Viscount Ashbrook is a title in the Peerage of Ireland. It was created in 1751 for Captain Henry Flower, 2nd Baron Castle Durrow. The title of Baron Castle Durrow, in the County of Kilkenny, had been created in the Peerage of Ireland in 1733 for his father William Flower. He was a Colonel in the Army and also represented County Kilkenny and Portarlington in the Irish House of Commons.
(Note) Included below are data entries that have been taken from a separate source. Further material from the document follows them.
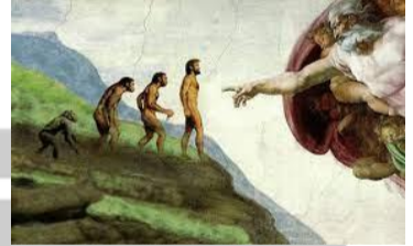
Truth (scientific verses religious)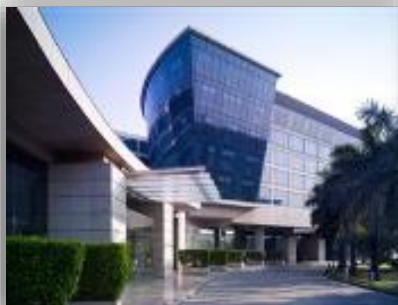
Hyatt Regency, Mumbai Keys: 401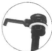
Double pump system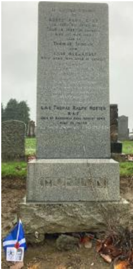
Thomas Ralph Morton - Died 22/8/40

He was praised by Jonathan Swift as "a gentleman of very great sense and wit". , the titles are held by the first Viscount's descendant, the eleventh Viscount, who succeeded his father in 1995.

The family seat is Arley Hall, near Arley, Cheshire. The family also previously owned Castle Durrow, near Durrow, County Laois, Beaumont Lodge, near Old Windsor, Berkshire, and an estate at Abercynrig, Brecon, Powys, which passed to them by inheritance from the Jeffreys family of Brecon.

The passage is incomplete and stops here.